Say your card closing date is 7/28, and the check for $1,500 is processed on 7/29. You pay off the $1,500 on 7/29 (because you can not pay more than the current balance due). However interest will accrue on that $1,500 (at a *VERY* high %) from 7/29 at least 8/28 (when you can find out how much interest you owe




) and then the following month also!

I would (as I always do) put them in the "shred" file!


----------



## saxman (Jul 27, 2011)

the_traveler said:


> Say your card closing date is 7/28, and the check for $1,500 is processed on 7/29. You pay off the $1,500 on 7/29 (because you can not pay more than the current balance due). However interest will accrue on that $1,500 (at a *VERY* high %) from 7/29 at least 8/28 (when you can find out how much interest you owe
> 
> 
> 
> ) and then the following month also!


The interest rate is a "promotional" 3.99%.


----------



## Bob Dylan (Jul 27, 2011)

saxman said:


> Anyone else get these checks from Chase Bank? I'm always getting checks for my other credit cards, but never specifically for AGR points. I usually just shred them. The deal is if you write the checks and spend at $1,500 on them you'll get 3000 bonus AGR points. The catch is though, that for each check you write, there is a $5 or 3% fee (whichever is higher). It says you can even write a check to yourself, so I was thinking about just writing myself a check for $1500 and then just paying the card off right away. Except they'll take 3% away.
> 
> So essentially I'm paying $45 for 3,000 AGR points. Worth it??

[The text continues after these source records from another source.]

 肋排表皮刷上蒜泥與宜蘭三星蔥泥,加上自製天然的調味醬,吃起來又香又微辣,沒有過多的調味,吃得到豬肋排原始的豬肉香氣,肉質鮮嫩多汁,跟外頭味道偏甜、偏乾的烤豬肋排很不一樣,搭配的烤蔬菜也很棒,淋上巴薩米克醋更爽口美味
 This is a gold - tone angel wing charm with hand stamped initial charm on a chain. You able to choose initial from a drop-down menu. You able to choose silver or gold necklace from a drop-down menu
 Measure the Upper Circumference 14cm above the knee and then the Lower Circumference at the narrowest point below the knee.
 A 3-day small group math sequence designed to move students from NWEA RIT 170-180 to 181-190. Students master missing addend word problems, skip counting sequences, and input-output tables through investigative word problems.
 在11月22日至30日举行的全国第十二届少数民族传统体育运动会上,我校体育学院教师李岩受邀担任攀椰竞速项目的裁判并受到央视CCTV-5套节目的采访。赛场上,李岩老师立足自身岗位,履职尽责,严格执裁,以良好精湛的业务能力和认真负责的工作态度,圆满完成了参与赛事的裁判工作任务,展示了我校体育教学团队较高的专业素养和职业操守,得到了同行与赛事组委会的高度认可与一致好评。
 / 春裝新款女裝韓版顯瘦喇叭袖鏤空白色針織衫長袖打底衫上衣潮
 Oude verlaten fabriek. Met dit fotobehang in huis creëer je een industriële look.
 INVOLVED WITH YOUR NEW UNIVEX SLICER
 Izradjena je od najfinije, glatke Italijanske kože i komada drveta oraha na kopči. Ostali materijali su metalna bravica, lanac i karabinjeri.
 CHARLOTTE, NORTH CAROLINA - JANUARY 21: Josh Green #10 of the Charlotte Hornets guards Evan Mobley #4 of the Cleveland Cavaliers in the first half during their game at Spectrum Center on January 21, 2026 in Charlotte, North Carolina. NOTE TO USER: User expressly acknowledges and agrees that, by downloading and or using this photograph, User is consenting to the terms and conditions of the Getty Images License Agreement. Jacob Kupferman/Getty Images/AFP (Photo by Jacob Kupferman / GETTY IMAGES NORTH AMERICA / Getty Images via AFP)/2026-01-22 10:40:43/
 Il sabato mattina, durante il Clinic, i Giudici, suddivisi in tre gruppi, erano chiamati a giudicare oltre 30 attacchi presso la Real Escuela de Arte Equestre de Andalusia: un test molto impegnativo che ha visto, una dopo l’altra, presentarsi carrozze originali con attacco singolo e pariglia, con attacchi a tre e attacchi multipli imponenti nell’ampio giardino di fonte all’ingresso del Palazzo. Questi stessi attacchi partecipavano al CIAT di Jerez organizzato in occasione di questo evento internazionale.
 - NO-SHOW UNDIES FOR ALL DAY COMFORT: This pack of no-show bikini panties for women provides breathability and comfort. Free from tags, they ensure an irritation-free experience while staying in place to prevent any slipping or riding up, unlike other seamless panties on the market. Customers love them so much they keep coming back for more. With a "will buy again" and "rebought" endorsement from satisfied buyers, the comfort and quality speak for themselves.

I get these all the time Chris (from Chase and CapOne), but this is the first ones Ive seen offering AGR Bonus Points! Did it say the interest rate was 0% for x amount of months or the Regular rate on your card?? If it's just the 3% fee, 3,000 points for $45 is a good deal! Otherwise I'd do what Dave does, hit the shredder!!

Note: Ddidnt see your post re the 3.99% interest rate, depending on your Daily Average Balance it may, or may not be a good deal?? If you have zero balance it's a good deal if you pay it off in full soon as you get your statement!


----------



## Dovecote (Jul 27, 2011)

saxman said:


> Anyone else get these checks from Chase Bank? I'm always getting checks for my other credit cards, but never specifically for AGR points. I usually just shred them. The deal is if you write the checks and spend at $1,500 on them you'll get 3000 bonus AGR points. The catch is though, that for each check you write, there is a $5 or 3% fee (whichever is higher). It says you can even write a check to yourself, so I was thinking about just writing myself a check for $1500 and then just paying the card off right away. Except they'll take 3% away.
> 
> So essentially I'm paying $45 for 3,000 AGR points. Worth it??


I received the checks a few days ago. After a few minutes of thought they went into the shredder. Maybe I shredded them in haste as I did not give it as much thought as you did. :huh:


----------



## the_traveler (Jul 28, 2011)

If I open an envelope from a credit card company and I see "convenience checks", those go directly (if not sooner) into the shredder.

BTW: Normally I don't usually read them, but I thought I just saw that the fee is going up to IIRC 10% or $10 (I forget which).


----------



## abcnews (Jul 28, 2011)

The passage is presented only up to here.